Nada de novo

Gustavo Carneiro

A mais recente reunião do Conselho Europeu, realizada há dias, apontou à criação de uma economia de guerra na Europa. O Senado dos EUA aprovou mais um pacote milionário de «ajuda militar» à Ucrânia, Israel e Taiwan. A NATO, principal instigadora do conflito que se trava no Leste da Europa, leva a cabo os maiores exercícios militares das últimas décadas, junto às fronteiras da Rússia. Confrontado com uma queda na sua popularidade interna, o presidente francês Emmanuel Macron defende o envio de tropas para a Ucrânia e há, também por cá, quem lhe gabe a «coragem». Nas Nações Unidas, a França contribui para inviabilizar um debate sobre os 25 anos da agressão da NATO à Jugoslávia e os perigosos precedentes que abriu.

A História não se repete, sabemo-lo, e uma análise objectiva da realidade exige que se evite cópias desajustadas. Mas também é certo que ela ensina, e não é surpreendente, que fenómenos semelhantes produzam consequências semelhantes.

Recuemos 110 anos, até à Primeira Guerra Mundial, um dos acontecimentos sobre o qual mais se escreveu, sobretudo no que respeita ao percurso que conduziu a tão trágico desfecho. Há autores que se referem a um conflito «que ninguém quis, mas que ninguém conseguiu impedir» e os que garantem que a guerra era esperada, mesmo que não necessariamente na altura em que deflagrou. Uns colocam a tónica nos ressentimentos antigos entre potências europeias, outros nas tentativas de redivisão do mundo. Realçam, alguns, o peso dos sectores militares e dos interesses ligados ao comércio das armas, e outros a densa teia de acordos que ligava as diferentes potências.

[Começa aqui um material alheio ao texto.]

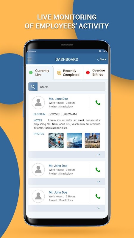 * ایڈمن اور سپروائزر آسانی سے ان ملازمین کی فہرست دیکھ سکتے ہیں جنہوں نے آج کام شروع کیا ہے اور براہ راست تصویروں کے ذریعہ کام کی پیشرفت کی ہے۔

Poucos discordarão, porém, de que – como refere o historiador britânico Eric Hobsbawm – «a partir de um certo ponto, as inflexíveis mobilizações da força militar, sem as quais semelhante confrontação não teria sido possível, não podiam ser invertidas». E são muitos os que, como Martin Gilbert, salientam que a «resposta à mobilização foi extraordinariamente entusiástica». Em Paris como em Berlim, em Londres como em Viena, os que no Verão de 1914 partiram para a frente de batalha prometeram às mães e às esposas que estariam em casa pelo Natal. As vozes que defendiam a paz (e não eram assim tão poucas e tão frágeis) foram abafadas pelo rufar dos tambores.

O escritor alemão Erich-Maria Remarque descreve, no seu magistral A Oeste nada de novo, os horrores da guerra, na qual combateu: «Obuses, vapores de gases e formações de carros de combate: coisas que nos esmagam, nos devoram e nos matam. Disenteria, gripe, tifo: coisas que nos sufocam, nos queimam e nos matam. A trincheira, o hospital, a vala comum: não há outras possibilidades».

Não é com militarismo e belicismo que se põe fim à guerra – a História já o mostrou.